Я отдал должное ее наблюдательности и уму.
  Статьи Сани не вызвали у нее восторга.  Анализируя их, она била не в бровь, а в глаз:
  - Не понятно, как он относится к тому, о чем пишет. Нет своего отношения.
  - Да, он  не выражает свою позицию, - согласился я. - Его статьи перегружены ненужными рассуждениями, слишком часто он отвлекается.  Когда читаешь его статьи, создается впечатление, будто идешь по полю, загроможденному огромными камнями. Постоянно спотыкаешься. Трудно дойти до конца.
  Она оделась, и мы пешком отправились с нею   в храм, недавно построенный в  Губине.   Мы шли по улице Горького. Я показал ей на свой дом, когда мы проходили мимо него: 
  - Здесь прошло мое детство. Но раньше здесь было очень красиво. Здесь  не было ни котельной, ни коттеджей. Здесь было поле, на котором росла пшеница, или гречиха, или каляндра.  Отсюда просматривались отличные закаты. Таких закатов я нигде больше не видел.
   Я купил в церковном  киоске свечки – две для себя, и две, маленькие, - для нее. Она попросила купить для нее  маленькую картонную иконку – Николу Угодника (это мой покровитель). Верхний зал храма был закрыт.  Мы спустились в нижний зал. Горели свечи, сияли иконы.
Она поставила свои свечки –  за здравие, я свои – за упокой (я помянул своих родителей). Я взял ее за руку. Ее рука сжала мою ладонь. У меня, атеиста, в храме  произошел  душевный подъем. Я ощутил Лилю своей второй половинкой.
  Мы вышли из храма, собрались было идти назад пешком, но нам повезло: подъехал «Уазик», который быстро домчал нас до города.
  Мы вернулись в квартиру Сани и занялись любовью.  Время таяло, как ноябрьский снег. Уже надвигалось пять часов, мы не успевали  насладиться в полную меру. Снова были разнообразные позы, вдохновляющие стоны. Кажется, Лиля снова кончила, что меня несказанно радовало.  Что и говорить, секс с любимой женщиной  ни с чем не сравнимое  наслаждение.
 Вдруг она зло заговорила о Наде Богдановой, с которой я танцевал на банкете (оказывается, Лиля обратила на это внимание). Я понял, что она знает о наших отношениях, о моей былой симпатии к ней.
- Зачем она говорила мне о своих проблемах с мужем? – спросил я.
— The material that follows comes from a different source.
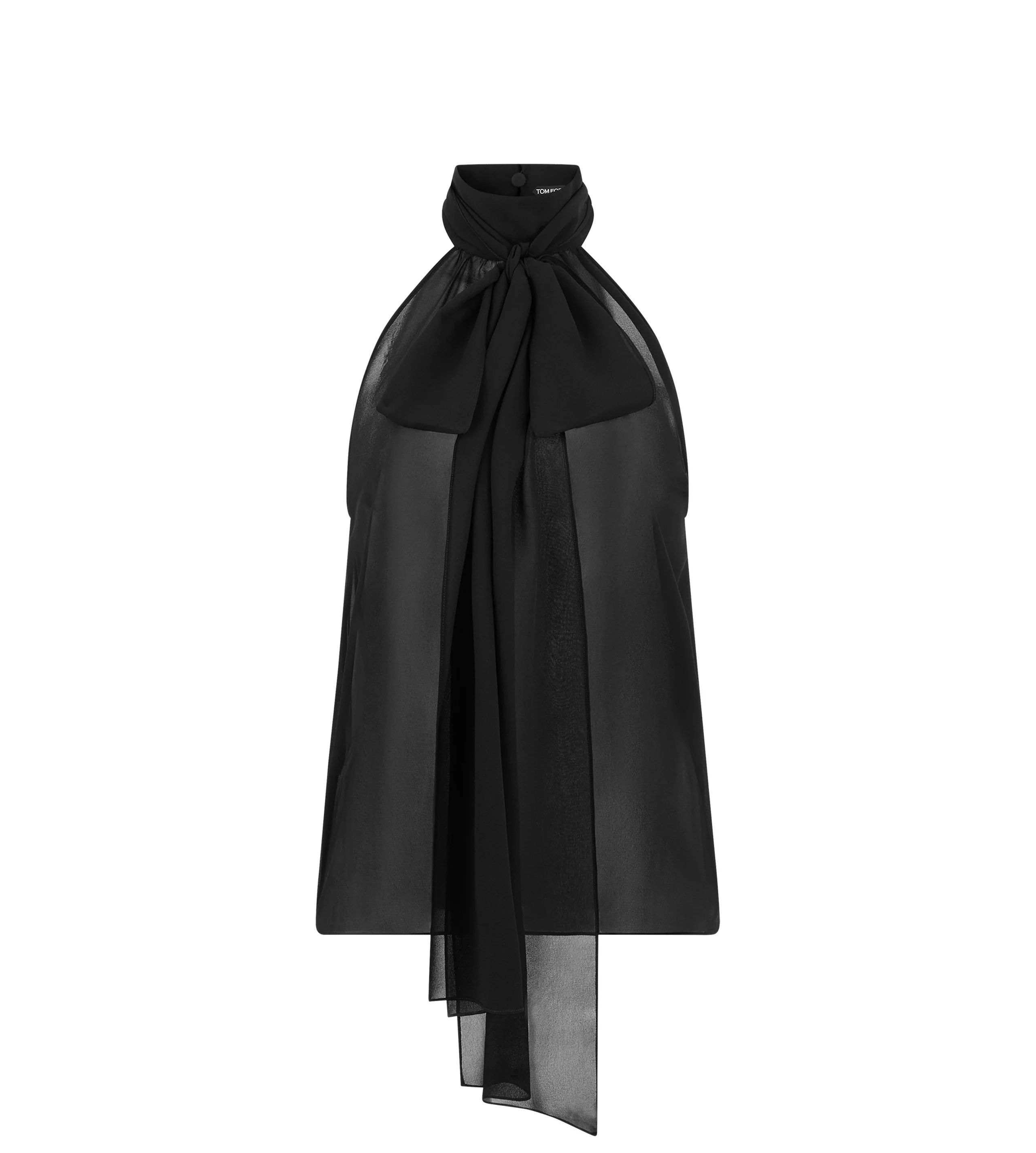 - HALTERNECK FLUID FIT LAVALLIERE BLOUSE - LONG NECK TIE - INVISIBLE ZIP - CRAFTED IN SILK GEORGETTE - 100% SILK
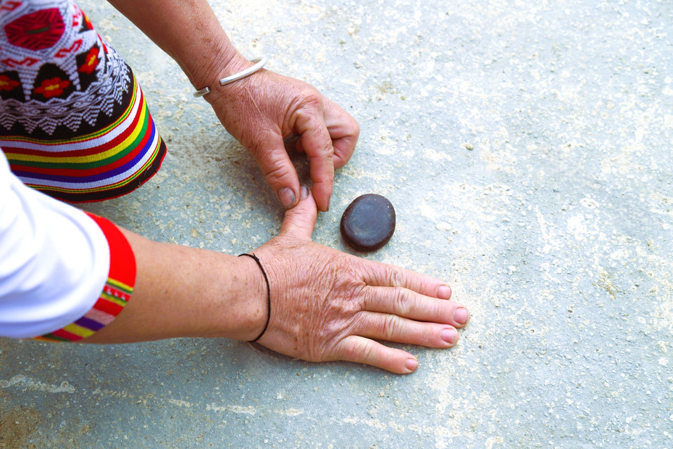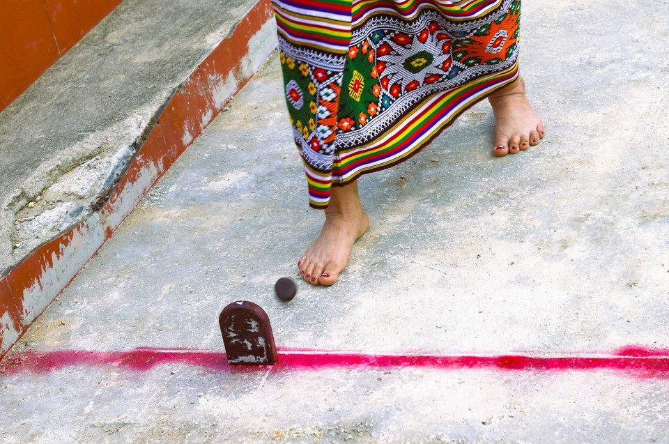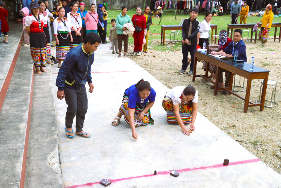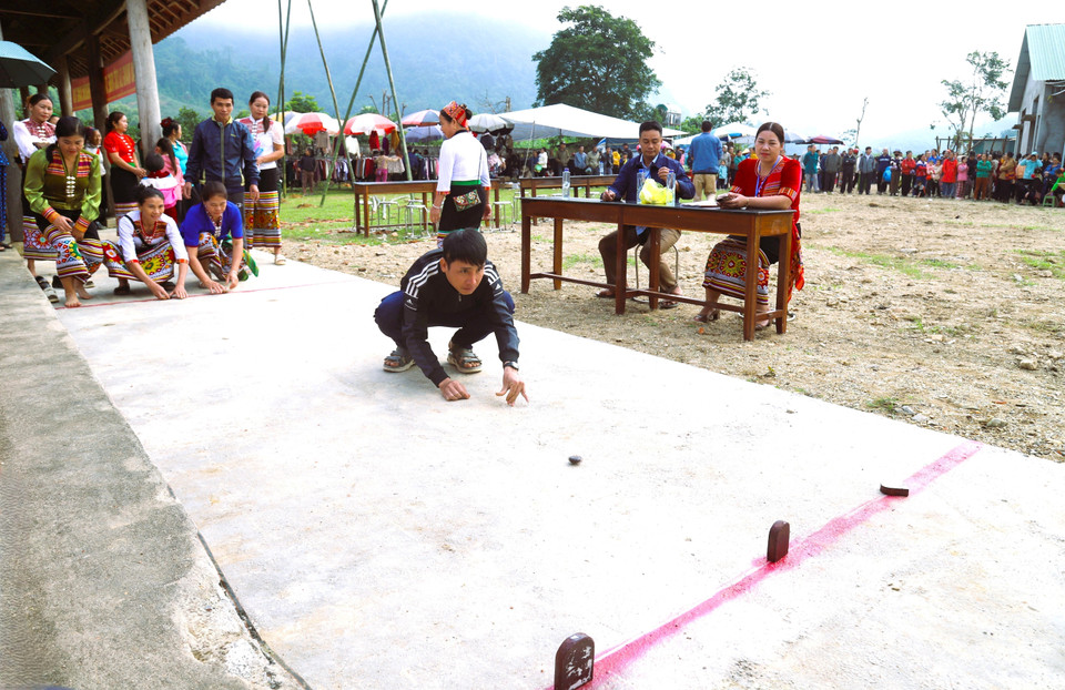 Người chơi dùng bàn chân hất hạt mặng để trúng và đổ được mẩu gỗ mục tiêu hình vảy cá ở vạch đích. (Ảnh: Xuân Tiến/TTXVN)

- А кто ее знает, зачем она говорит, - в тоне Лили досада, ревность.
Мне было стыдно перед Лилей. Хотелось оправдаться. Но не было времени.  Часы показывали 16.45.   В пять мог прийти Ваня. Мы встали, оделись, накрыли стол. Я выставил шесть бутылок пива, порезал леща, купленных по пути в киоске, Лиля порезала остатки колбасы.  Минут пятнадцать  шестого раздался стук. Я открыл дверь и увидел Ваню, который широко улыбался. Это был мужчина среднего роста, крепкий, сильный, добродушный, с белыми редкими верхними зубами.
- Заходи, заходи, - обрадовался я. – Прочитал мою записку?
- Да.
 Я представил его Лиле.
Он вытащил из сумки и поставил на журнальный столик шесть бутылок пива, положил рыбину.
- Я тебе говорил,  что Ваня придет с пивом и рыбой, - сказал я Лиле восторженно.
 Комплименты сыпались из меня как из рога изобилия. Степень моего поглупления еще более усиливалась.
 Мы сели за стол, и пиво потекло рекой. Вскоре пришел Саня – хмурый, необщительный, раздраженный. Он лишь изредка бросал злые реплики.
  Героем вечера был Иван, мой друг.
    - А я побывал в Меловом, - сказал он приятным голосом.
- Знаю. Мне Юля  рассказывала. За телушкой ездил.
- Да.
     И он стал живо рассказывать о деталях поездки. В его речи по обыкновению попадались слова типа «хотит», но никто не обращал на них внимания. Его рассказ был полон  юмористических деталей. Его тон был несколько фамильярен, но это фамильярность была напускной, наигранной.
 - Две старухи сцепились между собой при нас. Я им говорю: «Что вы ругаетесь? Вы же люди пожилые.  Может, на кладбище рядом будете лежать».
      Он передавал свои фамильярные, осуждающие интонации.
      Я взглянул на Лилю: его глаза горели от восхищения.  Иван  просто потряс ее. Действительно, трудно было молодой женщине из деревни не увлечься моим другом:  сильный, здоровый мужик, недурен собой, хозяйственный, домовитый. 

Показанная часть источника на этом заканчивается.